This Day in the Law
March 14

Eli Whitney Patents Cotton Gin (1793)

On March 14, 1793, Eli Whitney patented one of the most influential inventions of the Industrial Revolution – the cotton gin. In particular, the cotton gin turned cotton into a very profitable crop, helped to reshape the economy of the antebellum South, and played a factor in strengthening the use of slavery and ultimately contributed to the Civil War.

The US Constitution states in Article I, Section 8, Clause 8 that Congress shall "promote the progress of science and useful arts by securing for limited times to authors and inventors the exclusive right to their respective writings and discoveries." This clause is often referred to as the Intellectual Property Clause or Patent Clause. The drafters of the US Constitution realized that they must protect the ideas of inventors to profit from their inventions.

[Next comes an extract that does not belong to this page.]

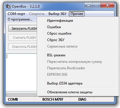 For ZAZ and Chinese vehicles with BOSCH М7.8. Writing FLASH via OBDII. FLASH/EEPROM reading and writing of the controller is BSL.
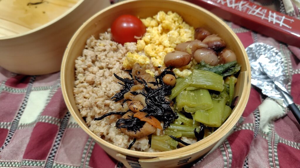手土産にお惣菜(煮豆、ほうれん草、ひじき煮)ももらい、翌日のお弁当に

On March 14, 1793, the US Patent Office issued Whitney patent number X72 for his cotton gin. Whitney then attempted to take full advantage of the protections that the patent offered him for his cotton gin. Whitney’s cotton gin became an overnight success, but he ultimately would not profit from his invention.

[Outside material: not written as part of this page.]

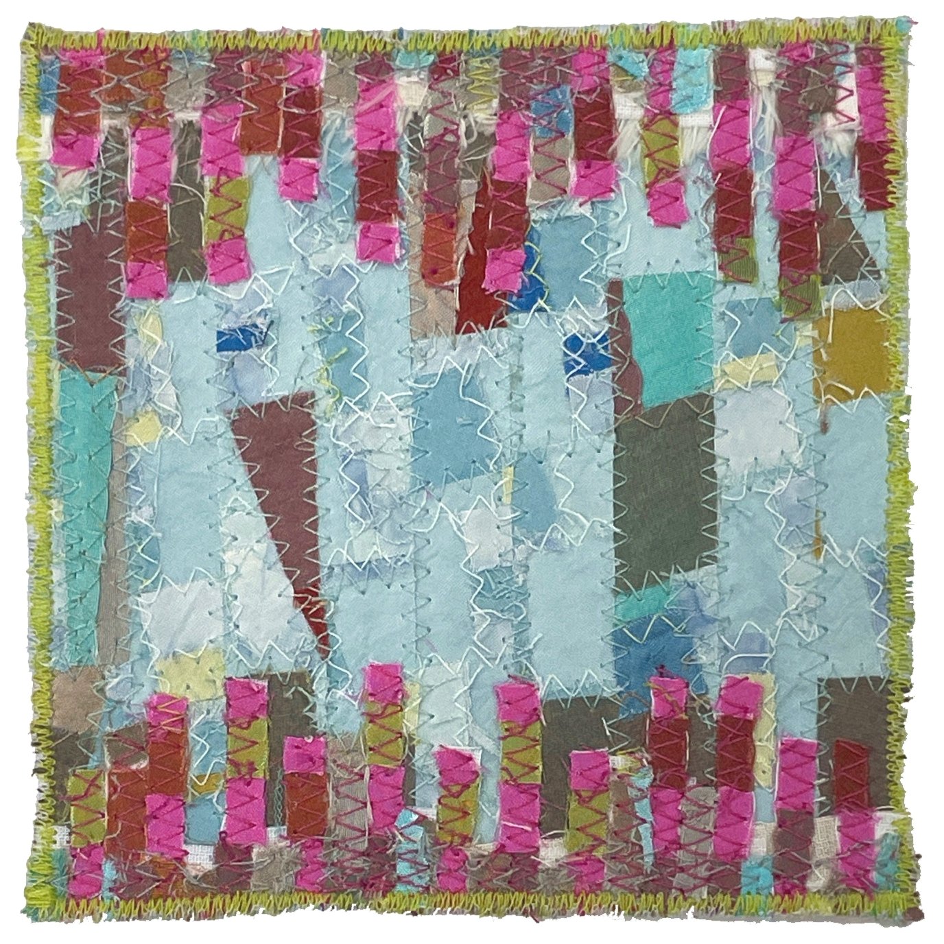 My small textile work is an exploration of growth and change through constant alteration, repetitively slicing and stitching the fabric into new configurations. Without an end goal, I allow each of these tiny textiles to evolve on its own, determining the final composition only when the piece says something meaningful to me.

The cotton gin worked by pulling cotton fibers though a mesh where the cotton seeds could not fit. The cotton seeds then fell out of the "gin" (short for "engine") and left the remaining clean cotton (i.e. cotton without seeds) inside the gin. Prior to the cotton gin, slaves and/or farmers had to hand pick out each cotton seed which was very labor intensive.

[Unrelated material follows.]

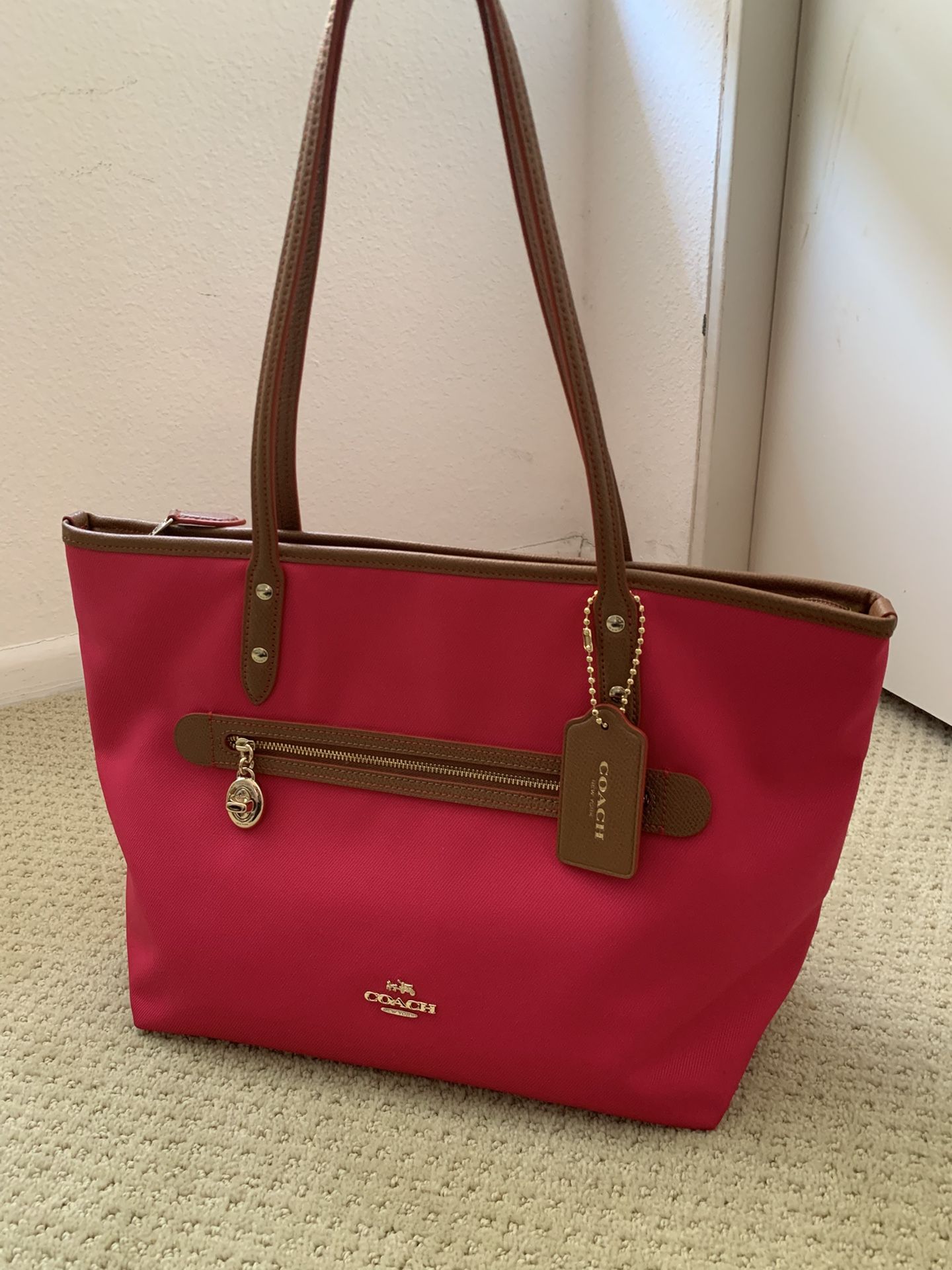 COACH canvas tote shoulder bag. F37237 Sawyer Canvas Zip Tote Pink Ruby There is one outside pocket with zipper. There are three pockets inside, one pocket with zipper. Beautiful with leather trim and straps, pretty color red/pink. Comes with the coach tag.

The cotton gin became an overnight success. Total cotton production went from 180,000 pounds in 1793 to around 93 million tons by 1810. And by the middle of the 1800s, the US was growing three-quarters of the world's supply of cotton, which it shipped to New England or England to manufacture cloth. The cotton gin also greatly increased the demand for slave labor. In 1790, there were six slave states, and by 1860 there were fifteen.

Whitney also became an overnight celebrity. In fact, Whitney was likely as famous as Thomas Edison and Alexander Graham Bell during their heydays. However, despite Whitney’s success and fame, he failed to profit from his invention. Whitney and his business partner, Phineas Miller, decided to produce as many cotton gins as possible and install them throughout the South for farmers in exchange for a fee to use the gins – instead of just licensing his cotton gin to users.

Within just a few short years many competitors were making cotton gins just like Whitney’s gin and Whitney ended up losing all his profits in legal patent infringement battles, closed his business, and almost had to file bankruptcy.

Whitney finally pulled himself out of his financial troubles when he patented his other great invention – a musket that could be manufactured with interchangeable parts. In other words, every part on Whitney’s musket could be changed with simple parts. His invention of interchangeable parts revolutionized the Northern manufacturing industry in nearly the same way that his cotton gin reshaped the South. But Whitney did make a profit from his interchangeable parts invention.

Whitney had created two very useful inventions – the cotton gin for the South and interchangeable parts for the North. And both of these inventions helped to shape America and contribute to the Civil War.